The most wide-ranging effect of NSEERS was to require men and boys ages 16 years and older with temporary visas from 25 countries to register at local immigration offices for additional fingerprinting, photographing, invasive interviews and repeated follow-ups. Singling out students, tourists and workers from Muslim-majority countries, those who failed to comply with its measures could be immediately arrested, deported and face various criminal penalties.
While 83,000 men had registered within a year of the implementation, the amount of ill will and suspicion generated seemed largely self-defeating. The system assumes guilt based on the religion and race of the individual, instead of any actual action.
It replaces principles such as evidence of wrongdoing and individual suspicion with assumptions of religious community criminality, collective punishment, and profiling as a substitute for actual policing.
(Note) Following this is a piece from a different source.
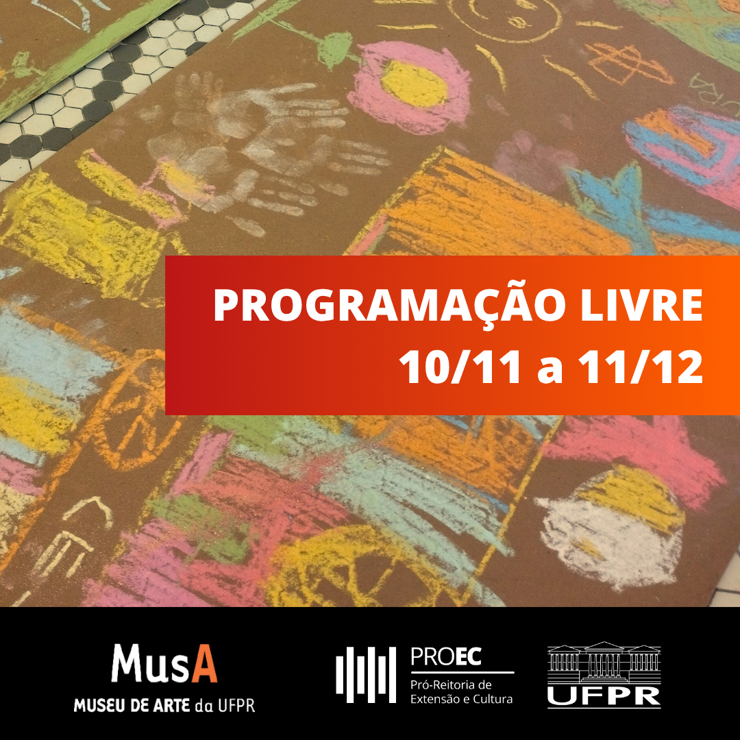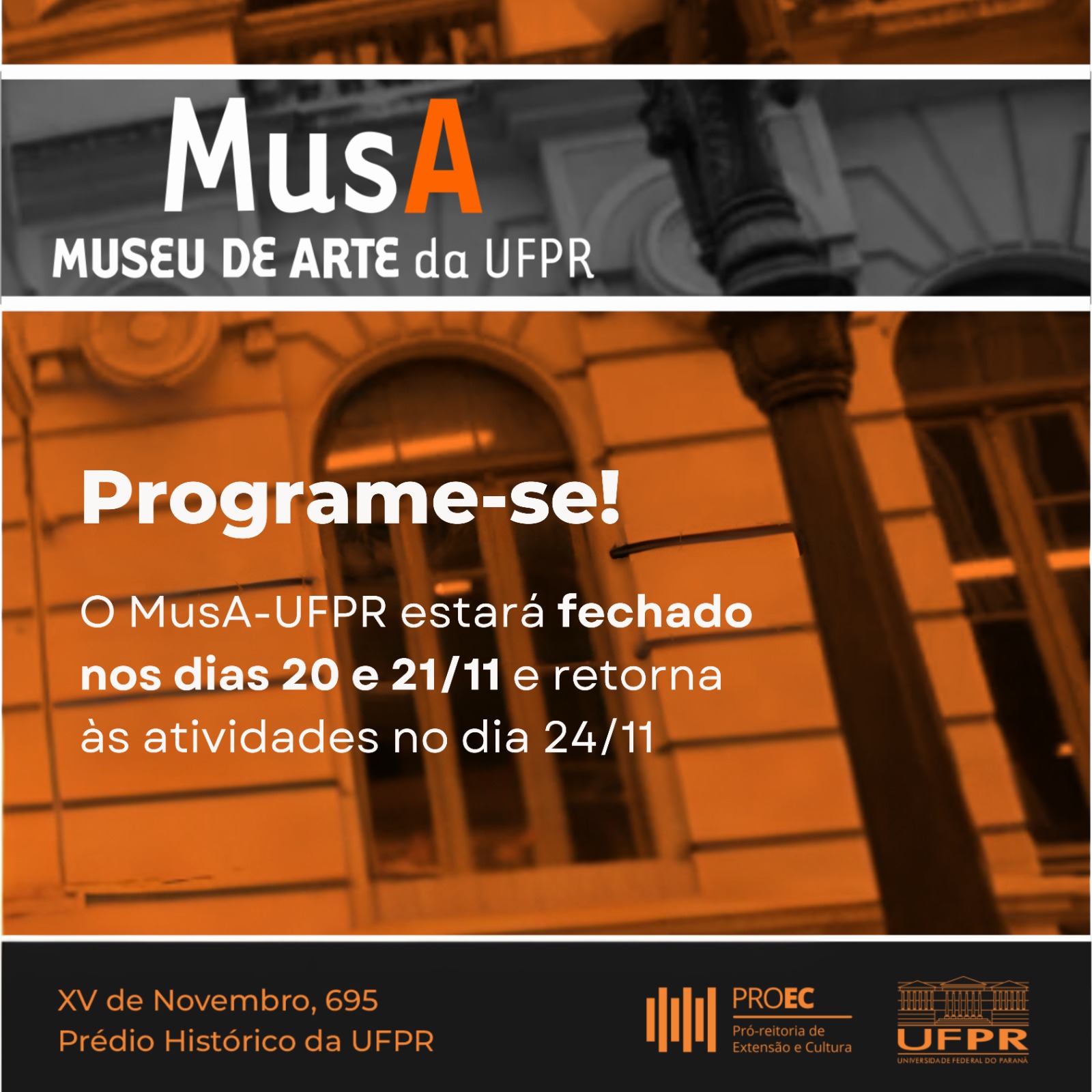 O MusA-UFPR estará fechado nos dias 20 e 21 de novembro. As atividades retornam em 24 de novembro (segunda-feira) com a Programação Aberta, que segue ao longo dos meses de novembro e dezembro. Acompanhe o cronograma completo e venha visitar o MusA!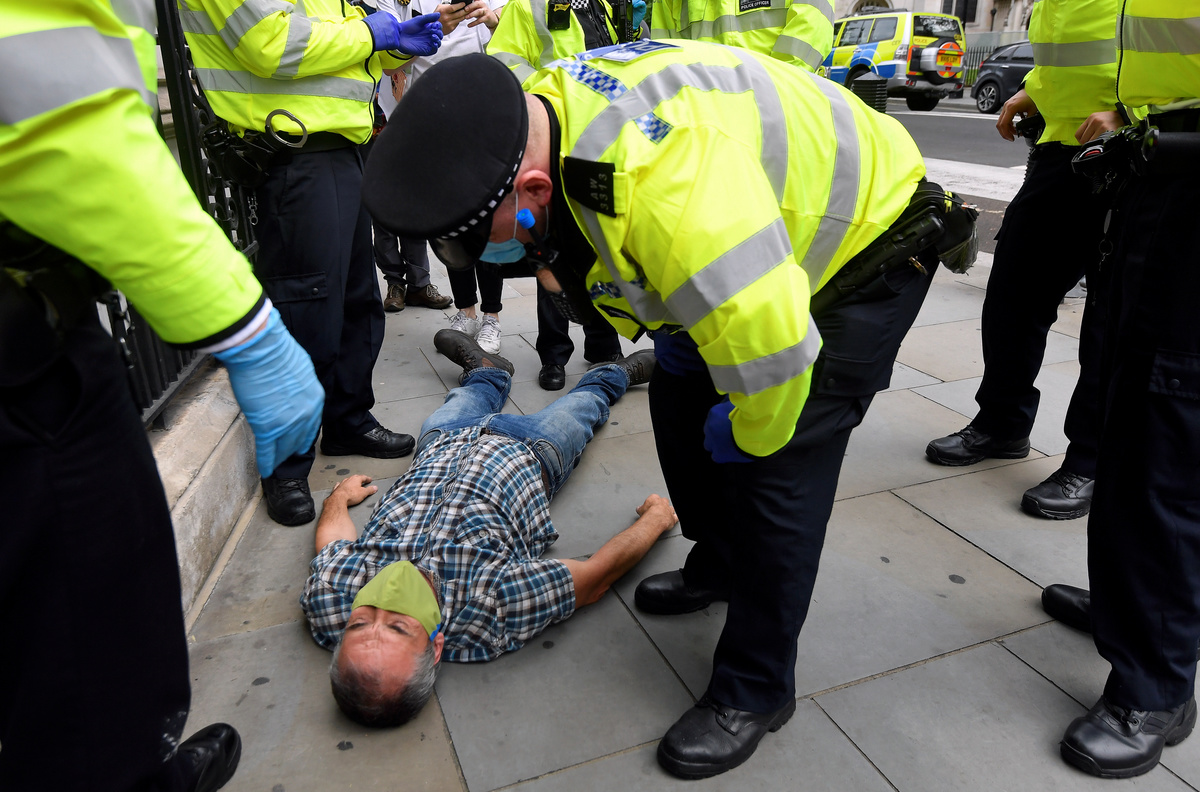 Police officers detain an Extinction Rebellion climate activist during a "peaceful disruption" of British Parliament as lawmakers return from the summer recess, at Parliament Square in London, Britain September 2, 2020. REUTERS/Toby Melville

Though the Department of Homeland Security delisted the 25 countries under the program in April 2011 and thus chose to focus on specific threats rather than entire communities, much of the architecture remains in place. Religious and racial profiling not only deserves national condemnation, but even international organizations such as Amnesty International have issued statements against these practices.
The history of Japanese Americans, specifically its memory here in Fresno, is a testament that political opportunism over principle must be fought by all. Even in the recent Fresno mayoral election, where policing took such a central role in the debates, an overstretched police should not be enforcing immigration through profiling.
While electoral political rhetoric can be extreme in its toxicity, as a new regime gets set to take the reins in Washington, D.C., turning a final page on the excesses in the name of national security is vital. The joint letter states: “As organizations that represent diverse communities and that are committed to civil and immigrant rights, we firmly believe that removal of the NSEERS framework is a necessary imperative.”
“We ask the administration to immediately take steps to remove the regulatory structure of NSEERS and stop any future use of the program.”
We hope other Fresnans and Americans will join our voice in calling for Obama to end NSEERS and any talk of a so-called Muslim registry, including some of our Valley representatives such as Reps. Devin Nunes, R-Visalia, and Jim Costa, D-Fresno.
Deep Singh of Fresno is the executive director of the Jakara Movement, a youth development nonprofit and the largest Sikh volunteer organization in the United States.